Since being here over the past ten months, one of the major ways God met me was during our 12:2 Life Transformation Trip. That trip included about forty of us backpacking on Catalina Island for six days completely disconnecting ourselves from the world. During that trip, I had a major fear of something bad happening to our children while we were gone. About halfway through our trip the leaders pulled Andrea and I aside and immediately I knew something was wrong with one of our kids. We were told that Caleb, our two-year-old, had been submitted to the ER for possible pneumonia.
The leaders were very gracious to us during this time, and gave us the option to leave. Andrea and I had no greater desire than to be next to our little guy in the hospital as he fought to breathe. We prayed and asked God for direction on what to do. We both heard God speak to us that He desired for us to trust Him in this, because ultimately, our child is His child. He assured us that by staying, we were not being irresponsible parents, but obedient children.
So we did just that, we decided to stay at Catalina. Our new IMPACT195 community loved on us and surrounded us in prayer. I will never forget how long that night was, it was very difficult to sleep; not being there with my child while he battled to breathe was so hard. After two days in the hospital he was released and got home the same day that we came back from Catalina.

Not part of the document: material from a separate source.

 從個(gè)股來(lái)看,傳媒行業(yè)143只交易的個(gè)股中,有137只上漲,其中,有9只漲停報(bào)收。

We found out that the IMPACT195 women who were watching our children had never left his side at the hospital. I remember God saying to me, ‘How can you live an amazing life of faith and complete surrender if you are unable to trust Me with the life of your child?’ He gave me Isaiah 26:3, ‘The steadfast of mind You will keep in perfect peace, because he trusts in You.’
God used this experience, along with many others over the last ten months, to allow me to trust Him on a more intimate level than I ever have before and through it, He has prepared me for our family’s next step of faith.

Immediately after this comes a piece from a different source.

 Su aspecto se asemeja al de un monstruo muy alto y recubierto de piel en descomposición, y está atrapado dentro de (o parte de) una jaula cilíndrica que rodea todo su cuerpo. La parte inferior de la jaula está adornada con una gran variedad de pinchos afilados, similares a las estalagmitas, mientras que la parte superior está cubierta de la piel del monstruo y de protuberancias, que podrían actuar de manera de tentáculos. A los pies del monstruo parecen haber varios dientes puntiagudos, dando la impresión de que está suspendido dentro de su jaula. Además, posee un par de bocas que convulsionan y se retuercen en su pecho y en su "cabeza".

Andrea and I recently went on a two-week mission trip to Haiti. An opportunity was presented to us to be able to go back there long term with a team in order to reach the nation of Haiti for Christ. I never thought a year ago that I would think it a privilege and an honor, to sell everything and count it all as loss for the sake of knowing Christ and making Him known. So we have decided to answer that call. My family and I are moving to Haiti long term to preach the gospel to the poor, to set the captives free, to release people from the power of satan, and ultimately…to transform the nation of Haiti for Christ.
Perhaps some of you are longing for greater significance in life. Maybe you feel stuck like I did when I sat here on friend day exactly one year ago. You know that God has something much more for you. You know that you are not walking fully in the destiny He has for you. You know that you are not being now who God created you to be. I want to encourage you to engage God right now! Ask Him to set His perfect will in motion for you. For some of you it will mean picking up an application today for this program and applying for our upcoming Fall Term. For me it meant surrendering my home, my 401k, my career, my success and my comforts; and moving to a state where I only knew one person. But God has richly rewarded me for this decision!
I know what I am asking you to do is risky, but faith involves great risk. That’s what makes it faith. And that’s what may lead you to walk fully in your destiny and all that God has for you!”